I was stationed at Brize mid 70s, we had Hercs, VC10s & also Concorde practicing take offs & landings, what a racket it made, you couldn't hear your tv & ornaments would go walkabout. They would also test it's engines full blast whilst it was tied down all night long, you got no sleep & the base was not happy. We got placated by a weekend of it open to the camp to look it over. It was really cramped, give me a Vicky any day.
Been on that plane as a soldier in the 1970s. Greatest looking airliner ever & got ripped off by other manufacturers, but this, the original, is the best one. Sadly it was a failure in sales which makes no sense. The 747 was still some years off.
Most of the noise is coming from the Feel Simulator unit which is attached to the nose landing gear bay roof, ie under the cockpit floor.
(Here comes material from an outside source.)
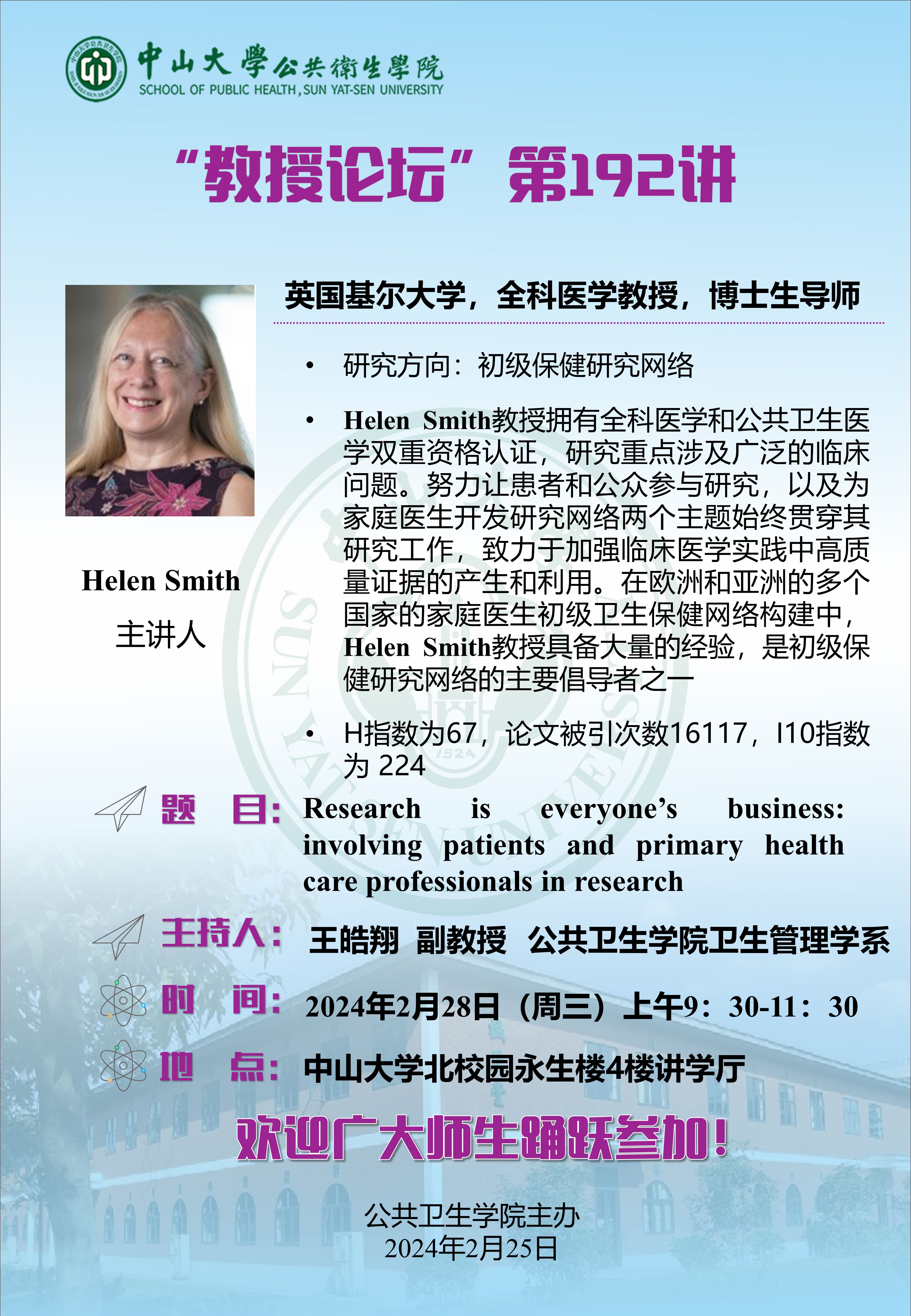 Helen Smith教授毕业于英国诺丁汉大学医学专业,后来在伦敦卫生与热带医学院和加拿大不列颠哥伦比亚大学学习流行病学和进行卫生服务研究。她拥有全科医学和公共卫生医学的双重认证,并曾在英国和北美的高校、医院和全科医学机构工作。作为初级保健研究网络的主要倡导者之一,Helen Smith教授为全球初级保健服务做出了重大贡献。同时,Helen Smith教授始终以评估提供医疗服务的新方式和“新技术”、更好地了解患者的感受作为研究重点。

The unit is powered by two electrically driven hydraulic pumps which cycle on and off to maintain pressure, that’s what can be heard.
I live on the flight path into Brize Norton in East Northamptonshire and remember hearing the distinctive whine as one flew over me on my allotment years ago. Now it is an Atlas or C 17's but not as elegant.
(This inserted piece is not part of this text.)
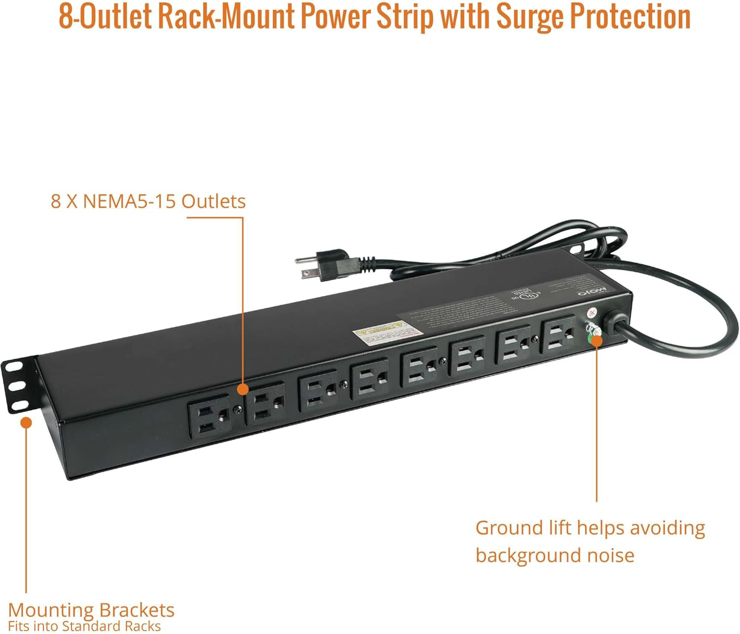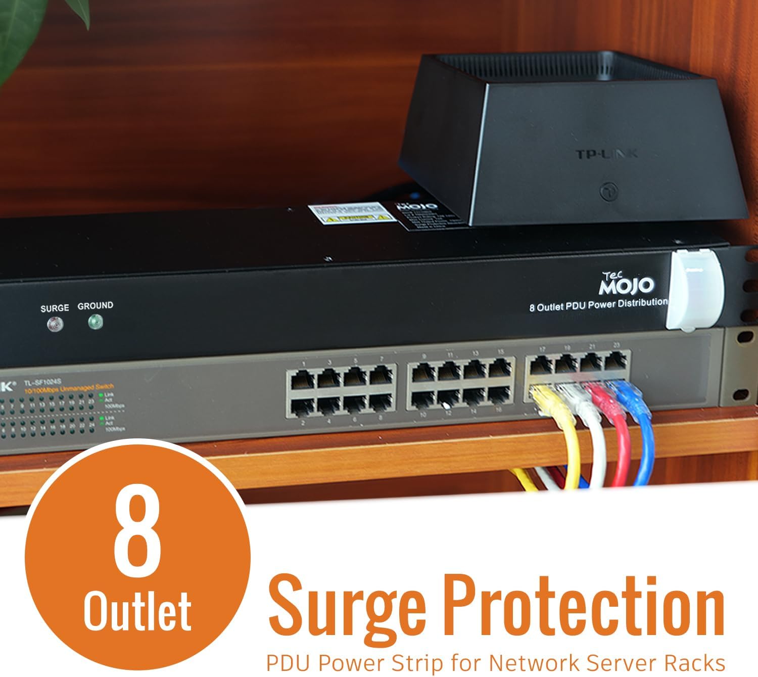Tecmojo 1U Rack-Mount Horizontal 8-Outlet Power Strip UL Listed PDU with Surge Protection 6ft Cord Power Distribution for IT and Network Server Racks

0:15 ... how? I'm guessing the F/E has a set of throttles as well? Cause the F/O is merely guarding the throttles and they move forward independently, lol. The VC10 is an absolute classic. Thanks for the share!
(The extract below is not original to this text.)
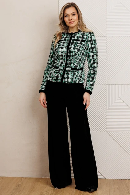 Функциональные карманы с листочками расположены внизу, в то время как имитация карманов в верхней части переда добавляет изюминку. Листочки на карманах и планка горловины выполнены из бархата с отделкой по краям, создавая контраст текстур. Рукава втачные, двухшовные, с планкой по низу, также отделанной бархатом. Жакет на подкладке, что обеспечивает комфорт при носке. Брюки палаццо из бархата имеют стильные широкие штанины и удобную резинку на поясе, что делает этот костюм идеальным выбором как для деловых встреч, так и для вечерних выходов.длина жакета по спинке: 56 см

Fantastic airplane. I flew it several times as a passenger. Got to visit the cockpit in flight westbound across the Atlantic (age 13). I would have loved to fly it! BTW- why was someone operating a weed-whacker in the cockpit on taxi-out?
The weed-whacker was required as a preventative measure, for end-of-runway vegetation ingress incidents. When the MoD realised that the pilots could raise the landing gear just after take-off the measure was retired.
I am astonished by the noise in the flight deck, in the passenger cabin these aircraft were almost silent, hence their nickname, "the whispering giant".
I noticed that; a ‘mere’ Captain USAF, equivalent RAF Flight Lieutenant - odd, as in the 70s, 80s and 90smost (if not all) RAF VC10 Captains were of the rank of Sqn Ldr. But I imagine this exchange pilot was ‘creamed-off’ and waiting for his promotion to Major USAF, typically after one year in post. No. 36 Sqn (C-130 Hercules) disbanded 1975/6 due to a misappropriate surrender to the Japanese in WWII had a USAF exchange, as did 47 Sqn (SF). Boscombe Down Heavy Aircraft Test Sqn had the superb (then) Major Rick Husband, later as Colonel and Shuttle Captain, to perish horribly in the Columbia disaster on re-entry 2001. (Quite unnecessarily, as Mission Control learned of the tile damaged during initial launch phase, but were apparently frozen like rabbits caught in the headlights of a vehicle, unable (or unwilling to admit to that knowledge in the public domain) to arrange a rescue. RIP Colombia Crew.
Bloody hell, what is that noise on the flight deck? Flew Boeing Heavy metal and that noise would have had me snag the aircraft. It is obvious that the bloody thing was well past its sell by! a navigator and a bloody flight engineer?? Buggeration.